KPMG chief warns of chaos as Andersen break-up begins
KPMG, the accountancy group stalking troubled rival Andersen, warned yesterday that a carve-up of the Enron auditor would cause chaos, after Andersen offices in Russia and China agreed their own deals with PricewaterhouseCoopers and Ernst & Young.
KPMG earlier this week confirmed it was in talks to buy the non-US operations of Andersen. Any deal would require clearance from competition authorities known to be concerned that the merger of two of the so-called Big Five auditing firms risks stifling competition in some territories.
Mike Rake, KPMG's European chairman, said yesterday a calculated break-up of Andersen among other members of the so-called Big Five would "cause chaos".
"We don't want it to go from five to four players. But Andersen is going anyway. This is not a traditional merger. We are rescuing the firm," he said.
However, he admitted there were still questions over whether it was possible to insulate regional Andersen offices from damages claims against the Houston office which audited the collapsed US energy giant Enron.
"We are not in the business of exposing ourselves to Enron liabilities. But the research is worth the effort. We have a long way to go," he said. "Suggestions that the legal issues are insurmountable should not be allowed to put us off the track."

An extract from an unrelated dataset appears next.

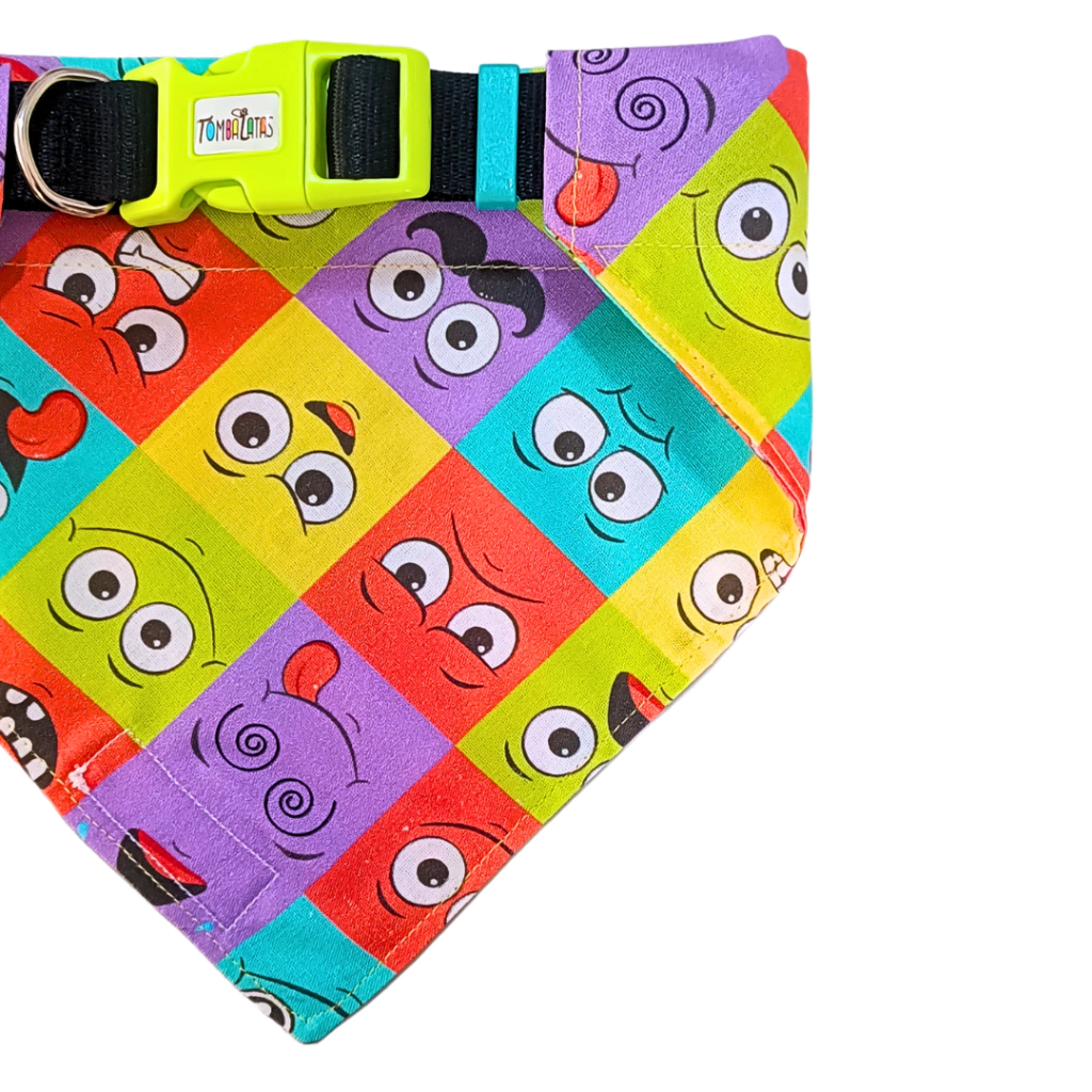 Se você está procurando um acessório que seja ao mesmo tempo funcional e estiloso, não procure mais! Nossa Coleira Bandana com estampa Crazy Face é a escolha perfeita para o seu pet.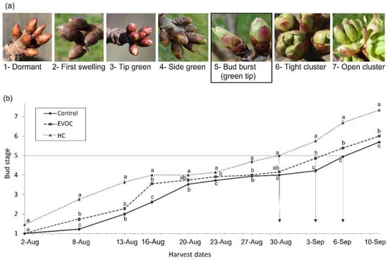 Floral bud development in the sweet cherry cultivar ‘Lapins’. (a) Representative stages of floral bud development and (b) floral bud stage over time of cherry trees treated with dormancy breakers hydrogen cyanamide (HC) and emulsified vegetable oil compound (EVOC) compared to control; arrows indicate the date that buds reached bud burst (stage 5). For (b) values are mean ± standard error (s.e.) (n = 4 branches, with 10 buds per branch); at each time point values with different letters are significantly different (p < 0.05).

Andersen offices in Hong Kong and China have agreed to merge with PricewaterhouseCoopers, the world's largest accountancy group. Andersen's Russian office unveiled plans to merge with Ernst & Young.

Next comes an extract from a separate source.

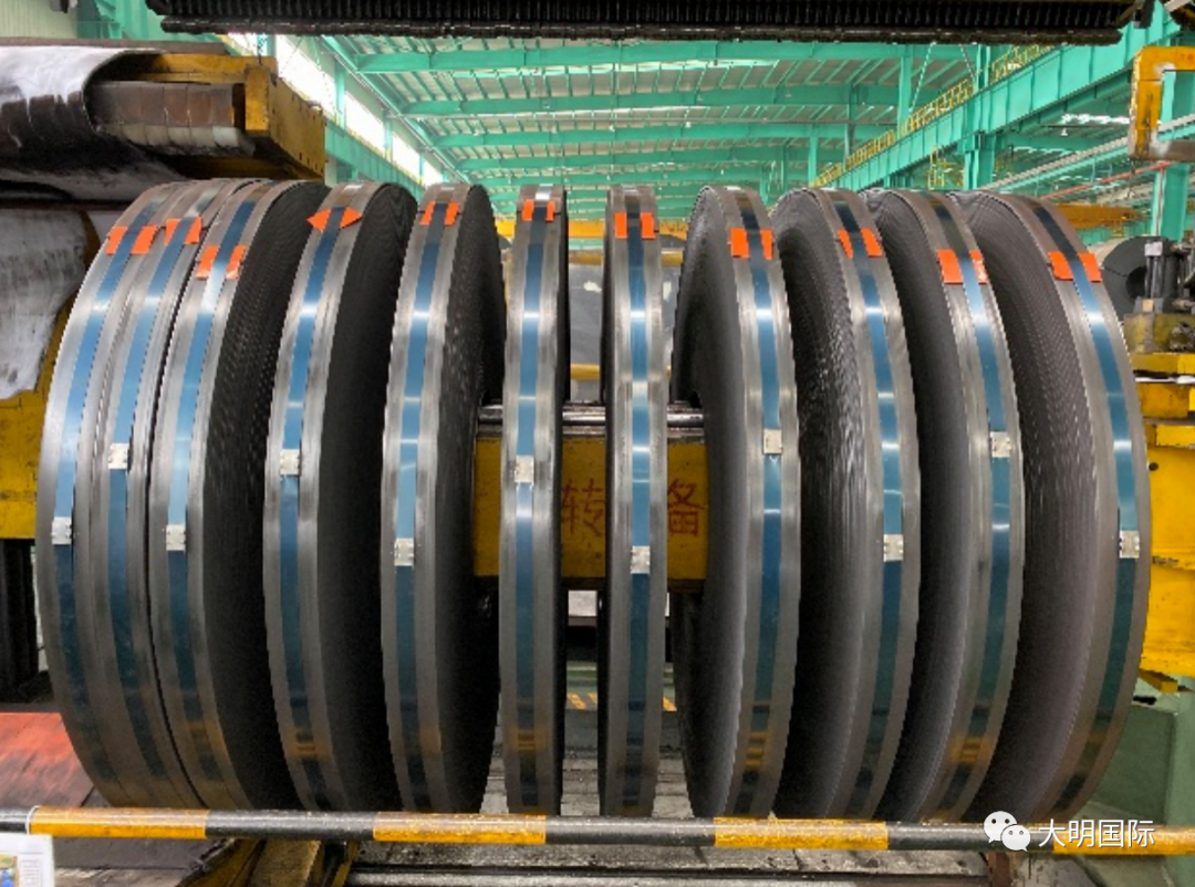 客户从前期合作过的大明天津加工中心处了解到大明靖江加工中心有相应的加工能力,且进口设备有保障。于是前来考察,并达成首次合作。此次加工首批4个钢卷,虽然纵剪产品规格较多、总量不大,FIMI 950 机组认真对待,最终加工质量获得客户现场的高度认可,为后期扩大加工合作打下了良好基础。

A spokesman for Andersen Worldwide, the holding company for the auditor's local partnerships, said: "Andersen Worldwide regrets the announcement by member firms in China, Hong Kong and Russia that they intend to pursue a combination with another firm [than KPMG]. Their decision will have no impact on the continuing effort to substantially complete transactions between Andersen Worldwide's non-US member firms and KPMG."
Andersen Worldwide reminded its members they had "certain obligations" to each other as well as the holding company, a thinly-veiled reference to the break fees members' firms must pay for quitting the holding company.
Andersen's German, Italian and some Asian businesses are still in talks with KPMG.
It also emerged yesterday there was some interest among rival Big Five firms in acquiring Andersen's entire non-US operations, in a similar deal to that being pursued by KPMG.